Qual a pergunta que o(a) pobre paciente quer que eu responda? Se você disse “ele(a) quer saber se tem Saúde e o que deve fazer para continuar com ela!”, eu estou contigo. Entretanto, de acordo com o modelo proposto acima, qual é a resposta que o pobre eu, trabalhando numa matriz conceitual da medicina privada, posso dar a ele? APENAS que ele não tem essa, aquela ou aquela outra doença. Ou seja, só posso dizer quais as doenças o(a) paciente NÃO tem; o que é bem diferente de ter ou não Saúde. Percebe a diferença? Esse tipo de confusão entre os conceitos leva a uma confusão de conclusões (que é exatamente o que acontece quando confundimos os conceitos, oras!).

Na prática privada parecemos trabalhar, portanto, com o conceito de doença o que significa que todos os pacientes são/estão doentes até prova em contrário e que, por isso, a obrigação dos médicos parece ser excluir TODAS as doenças passíveis de serem excluídas. Aqui, Saúde = Ausência de Doença, um conceito criado por Christopher Boorse e melhor aplicado a situações não diretamente envolvidas com a clínica, como por exemplo, a anatomia patológica. Para uma discussão interessante, ver excelente texto do professor Naomar em pdf).

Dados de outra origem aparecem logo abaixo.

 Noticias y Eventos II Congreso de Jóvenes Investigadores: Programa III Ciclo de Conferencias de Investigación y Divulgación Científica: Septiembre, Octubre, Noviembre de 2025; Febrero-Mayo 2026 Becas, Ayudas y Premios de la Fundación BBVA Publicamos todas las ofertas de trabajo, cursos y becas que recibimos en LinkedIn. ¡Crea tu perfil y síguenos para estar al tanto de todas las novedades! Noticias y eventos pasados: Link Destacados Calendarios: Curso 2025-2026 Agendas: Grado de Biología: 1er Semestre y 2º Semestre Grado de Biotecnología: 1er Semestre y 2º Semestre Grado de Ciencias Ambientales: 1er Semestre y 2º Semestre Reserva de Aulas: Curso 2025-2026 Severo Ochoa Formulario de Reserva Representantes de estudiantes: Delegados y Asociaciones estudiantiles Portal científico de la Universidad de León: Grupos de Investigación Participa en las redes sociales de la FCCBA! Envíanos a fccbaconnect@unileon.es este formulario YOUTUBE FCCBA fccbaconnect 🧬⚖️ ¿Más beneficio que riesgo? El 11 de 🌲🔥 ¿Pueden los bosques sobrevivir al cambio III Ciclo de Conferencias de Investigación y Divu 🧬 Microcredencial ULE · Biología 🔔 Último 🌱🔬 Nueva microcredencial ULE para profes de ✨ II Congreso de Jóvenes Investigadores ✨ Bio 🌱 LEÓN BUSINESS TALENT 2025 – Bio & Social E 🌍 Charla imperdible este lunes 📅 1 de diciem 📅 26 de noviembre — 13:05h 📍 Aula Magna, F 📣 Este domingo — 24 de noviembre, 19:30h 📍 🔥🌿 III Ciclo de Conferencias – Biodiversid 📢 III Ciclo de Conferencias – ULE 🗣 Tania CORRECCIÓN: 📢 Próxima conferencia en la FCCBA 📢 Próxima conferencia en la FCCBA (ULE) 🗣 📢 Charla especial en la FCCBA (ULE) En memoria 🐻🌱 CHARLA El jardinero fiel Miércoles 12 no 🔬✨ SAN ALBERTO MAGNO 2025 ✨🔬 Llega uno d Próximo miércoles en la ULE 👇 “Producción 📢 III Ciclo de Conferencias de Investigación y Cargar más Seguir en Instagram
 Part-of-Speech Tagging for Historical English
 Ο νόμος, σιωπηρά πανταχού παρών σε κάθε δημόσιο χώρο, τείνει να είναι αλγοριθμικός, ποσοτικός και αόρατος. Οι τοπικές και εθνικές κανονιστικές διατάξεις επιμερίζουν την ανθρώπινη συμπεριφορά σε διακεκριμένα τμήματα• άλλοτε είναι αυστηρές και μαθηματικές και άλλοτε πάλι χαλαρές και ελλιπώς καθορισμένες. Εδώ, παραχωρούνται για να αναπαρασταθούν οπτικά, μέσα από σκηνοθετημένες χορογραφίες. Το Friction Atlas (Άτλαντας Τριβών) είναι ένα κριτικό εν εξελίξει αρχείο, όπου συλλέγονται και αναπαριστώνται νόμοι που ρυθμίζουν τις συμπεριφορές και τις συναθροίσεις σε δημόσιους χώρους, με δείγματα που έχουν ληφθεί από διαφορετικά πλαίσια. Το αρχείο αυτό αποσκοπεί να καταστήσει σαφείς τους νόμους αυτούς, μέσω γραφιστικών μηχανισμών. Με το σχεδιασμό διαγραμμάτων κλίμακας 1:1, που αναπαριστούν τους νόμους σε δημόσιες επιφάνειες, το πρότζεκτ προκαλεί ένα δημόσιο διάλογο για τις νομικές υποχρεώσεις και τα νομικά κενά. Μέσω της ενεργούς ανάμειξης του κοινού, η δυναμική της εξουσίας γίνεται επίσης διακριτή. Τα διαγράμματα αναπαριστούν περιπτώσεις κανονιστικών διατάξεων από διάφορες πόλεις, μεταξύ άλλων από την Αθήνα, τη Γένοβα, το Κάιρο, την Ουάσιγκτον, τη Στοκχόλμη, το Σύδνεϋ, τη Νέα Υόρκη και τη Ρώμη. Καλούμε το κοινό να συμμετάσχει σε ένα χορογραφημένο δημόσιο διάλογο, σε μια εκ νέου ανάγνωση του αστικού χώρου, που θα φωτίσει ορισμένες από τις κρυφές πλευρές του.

Alguém poderia dizer “Mas, qual é o problema desse tipo de abordagem?” Vários. Começando pelo preço dos planos de saúde. Quem paga a conta dessa “nóia” toda são eles. Eles não querem perder dinheiro. Logo, tudo isso está embutido no preço que quem tem plano de saúde paga no final. (“Ah, mas o meu plano é a empresa quem paga!” Sei, sei…) Em segundo lugar vem uma questão, digamos, existencial. Olhar o calhamaço de resultados e ver que os números todos estão dentro do intervalo normal (para outra discussão sobre isso, ver este post), causa uma sensação de bem-estar ou “saúde” que é provisória e frágil. Ao menor desconforto, mal-estar, dorzinha de cabeça, ela desaba como um castelo de cartas e novos e mais sofisticados exames são necessários para que retorne; um buraco sem fundo. Por fim, resta discutirmos a validade desse tipo de procedimento, ou seja, se ele é de fato válido pelo menos pra prevenir condições que possam colocar em risco a vida do paciente. Esse assunto é bastante polêmico. Se, por um lado é possível encontrar, por exemplo, um tumor escondido e retirá-lo em estadio precoce com os óbvios benefícios disso, por outro, o custo de perseguir uma pista falsa pode ser bem pior que uma doença. Exames de rastreamento não são isentos de efeitos colaterais (ver aqui e aqui). Por isso, os médicos devem interpretar os exames à luz do quadro clínico do paciente. A recente polêmica em relação ao antígeno prostático específico (PSA na sigla em inglês) tem tudo a ver com isso. Assim procedendo, os médicos podem ajustar habilmente os achados dos exames às populações onde tais achados fazem mais sentido. Um exemplo para ilustrar. Um teste ergométrico, aquele de andar/correr na esteira ou bicicleta, negativo – ou seja, com ausência de sintomas cardíacos – numa moça de 20 anos de idade, sem queixas quaisquer, tem um tipo de interpretação. Um teste ergométrico negativo num senhor de 65 anos, fumante, acima do peso, hipertenso e com o colesterol elevado, que tem uma dor no peito, tem outro tipo interpretação, sendo sua relevância muito maior para o contexto do quadro clínico do paciente. Esse exercício de ajuste, um tipo de inferência bayesiana, é realizado até inconscientemente pelos médicos e ajuda a restringir muito os exames a solicitar, além de permitir sua interpretação pois enquadrará o paciente em determinados grupos nos quais o resultado do exame, seja positivo ou negativo, terá um peso muito maior nas decisões sobre diagnóstico e/ou tratamento.

A diferença entre trabalhar com um e com outro conceito, Saúde e Doença, pode ser um dos grandes desafios do médico numa consulta. Já vi vários médicos se irritarem porque o paciente não apresentava nenhuma queixa clínica relevante para um diagnóstico. Ele só queria checar dúvidas e conversar com alguém habilitado. A importância em identificar as necessidades dos pacientes e, na minha opinião, informá-los sobre essas questões, mais uma vez aponta para o valor das narrativas de ambos os lados da mesa do consultório como ferramenta fundamental de discernimento e ajuste de expectativas na relação entre o paciente e seu médico. É bom quando todo mundo fala a mesma língua.